L’adozione da parte palestinese di un sistema colturale intensivo, a replicare fedelmente quanto declinato negli impianti produttivi israeliani, ha permesso di conseguire risultati a dir poco eclatanti in un periodo relativamente breve. La facies desertica in cui Gerico è contestualizzata ha cambiato letteralmente aspetto.
La città è attualmente inclusa per buona parte all’interno di una fascia verde di impianti a palma. Tale fascia progredisce man mano che si avvicina l’obiettivo palestinese di un milione di palme piantumate. Le produzioni orticole, già diffuse nell’area, sono state largamente rimpiazzate. La rimuneratività del dattero, unitamente alla grande richiesta di manodopera, ha di fatto annullato la disoccupazione locale. Come contropartita, tutto questo comporta costi di natura non solo economica e determina rischi congiuntamente ambientali e sociali.
La realizzazione di sistemi colturali monotoni e altamente intensivi rappresenta qualcosa di molto diffuso nella globalità degli usi del suolo. Tuttavia, la strategia intensiva è quanto di più opposto si possa confrontare alle moderne scuole di pensiero sull’uso sostenibile del suolo. Nel caso dei palmeti, le risorse idriche dell’area vanno progressivamente depauperandosi a causa degli enormi consumi irrigui che la palma richiede per realizzare la sua elevata produttività. La salinità dell’acqua ha già raggiunto valori di preoccupazione, stando a quanto dichiarato dagli stessi investitori locali. Alti livelli di salinizzazione secondaria dei suoli sono percepibili chiaramente nelle abbondanti concrezioni saline in superficie.
Gli impianti, inoltre, si basano quasi esclusivamente sulla propagazione clonale (ovvero la replica esatta di un genotipo come ottenibile per talea, margotta o micropropagazione) di un’unica varietà sia pure di altissimo pregio merceologico, la citata Medjoul. Il timore di attacchi parassitari e del dilagare delle fitopatie, unitamente alle elevate esigenze nutritive di un sistema produttivo spinto, espongono i gestori aziendali sul costoso mercato degli input esterni. Così i costi di concimi, compost, ammendanti, insetticidi e fungicidi si aggiungono alle ingenti spese energetiche per l’irrigazione e per le lavorazioni.

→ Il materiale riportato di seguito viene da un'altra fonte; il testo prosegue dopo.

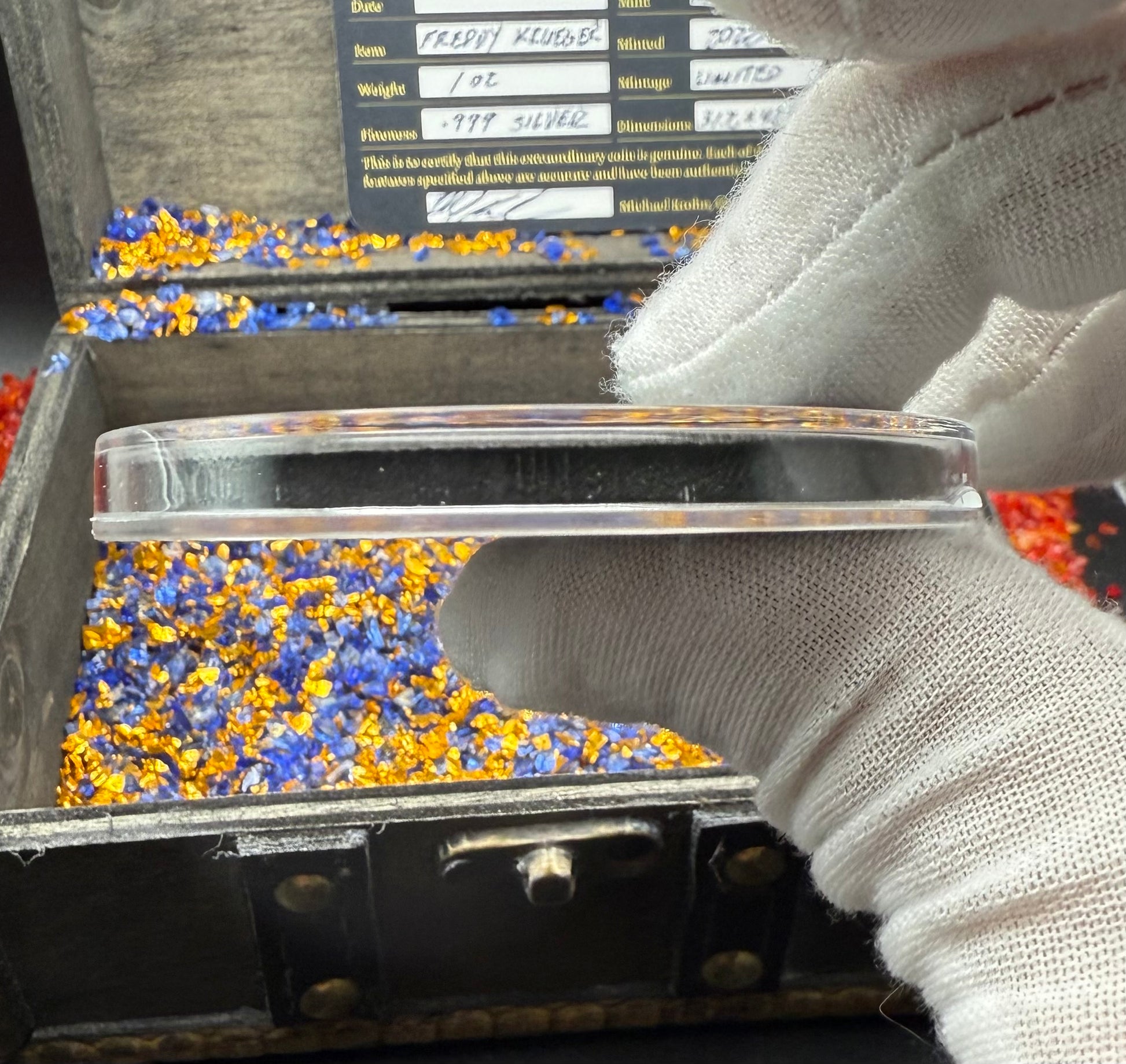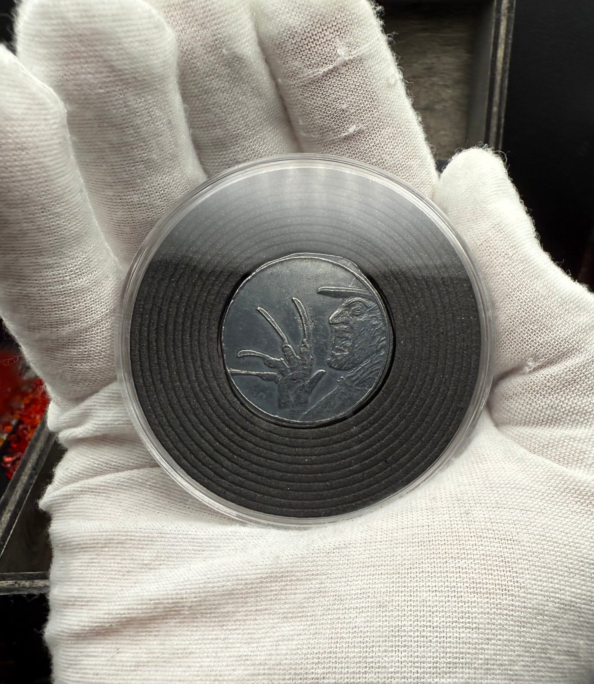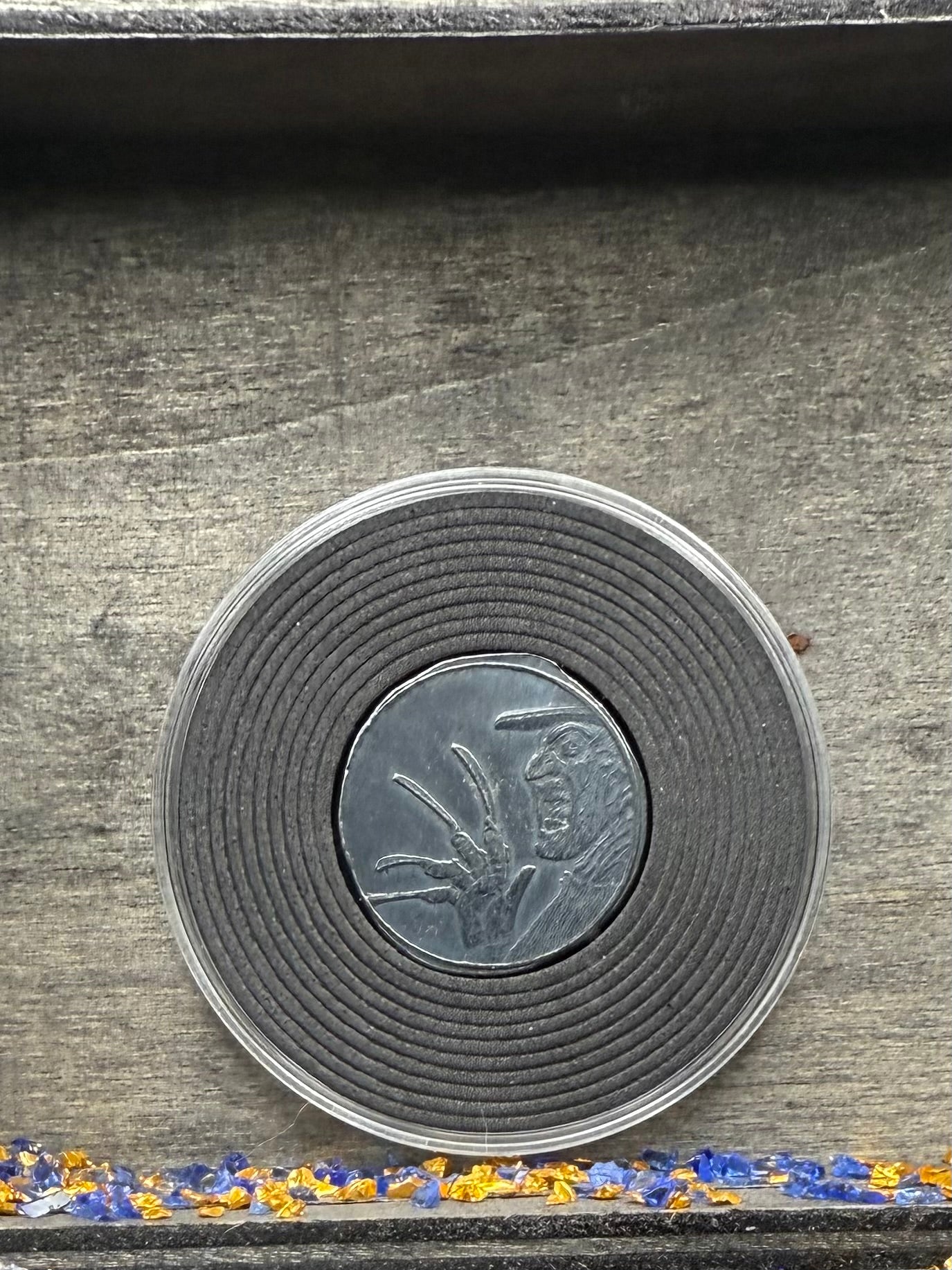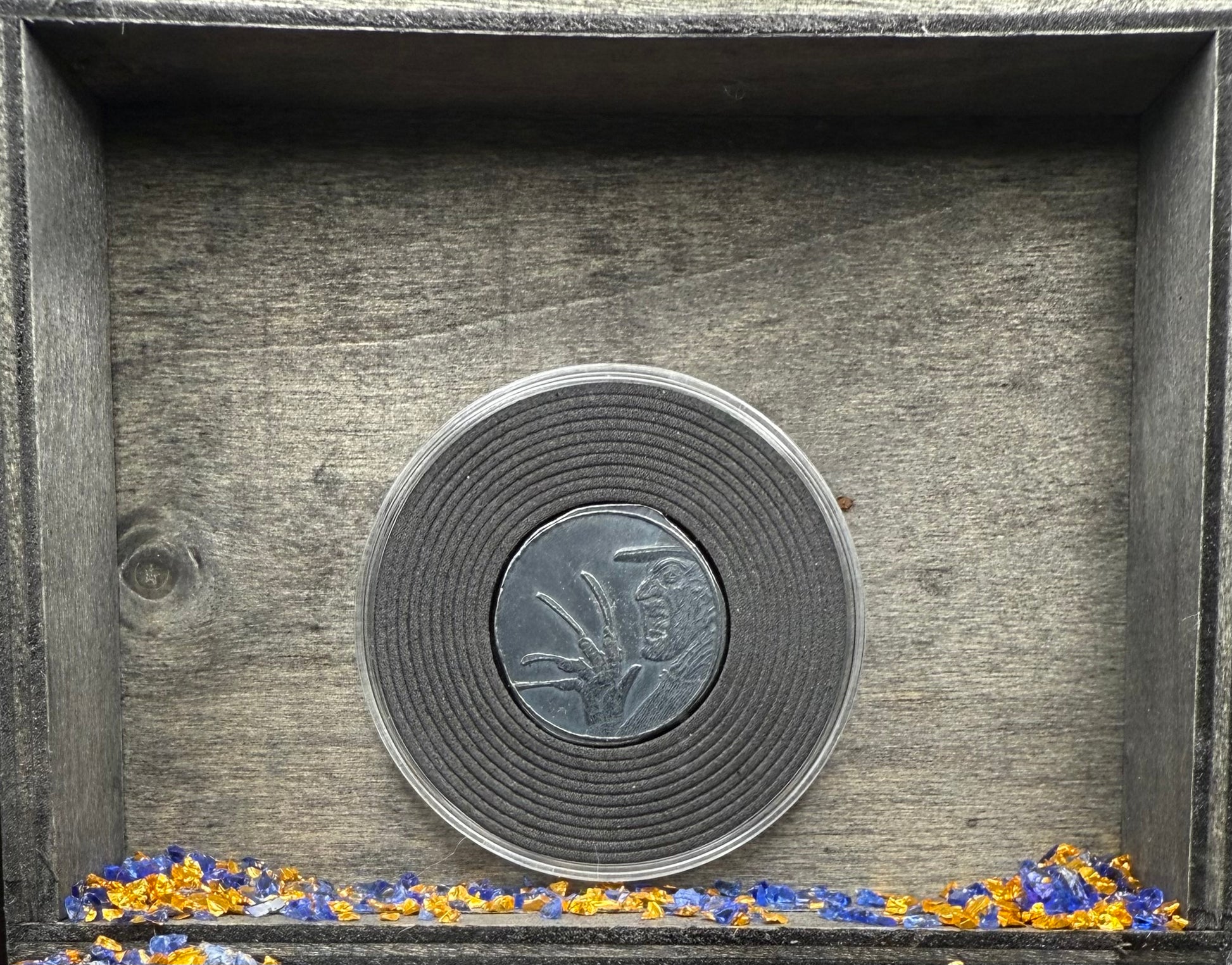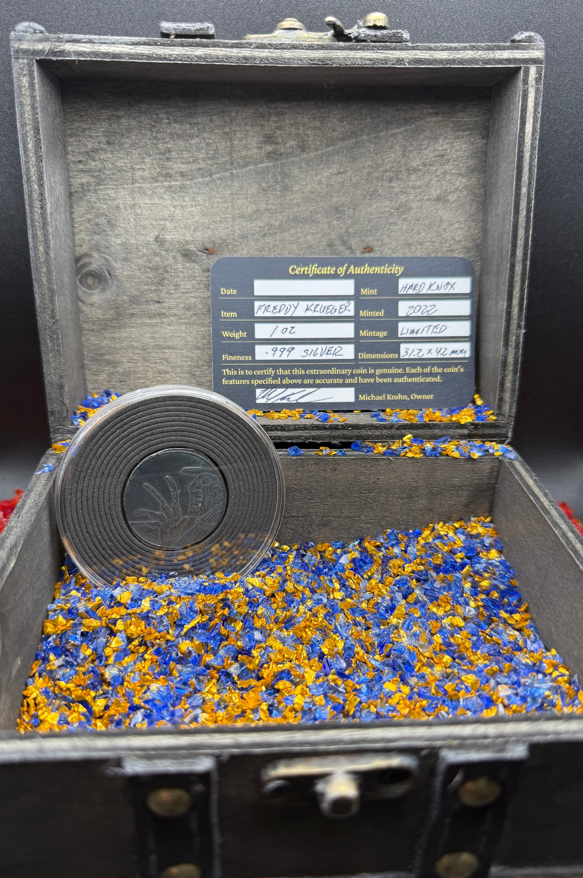 'Freddy Krueger Sweet Dreams' Hand Crafted by Hard Knox Metals 1 oz .999 Fine Silver Round Oxidized Finish Includes Wooden Treasure Box, Capsule & COA Limited Edition

Tutto ciò è fatto sotto il cappello, per così dire, delle dinamiche di cambiamento climatico, le quali prospettano per l’area un futuro affatto roseo. Il rischio di un collasso del sistema è elevatissimo. Le sue conseguenze sarebbero drammatiche. Tuttavia, una sorta di emulazione competitiva con il vicino israeliano spinge sempre di più verso l’intensificazione degli investimenti fondiari e la messa a coltura di nuovi appezzamenti.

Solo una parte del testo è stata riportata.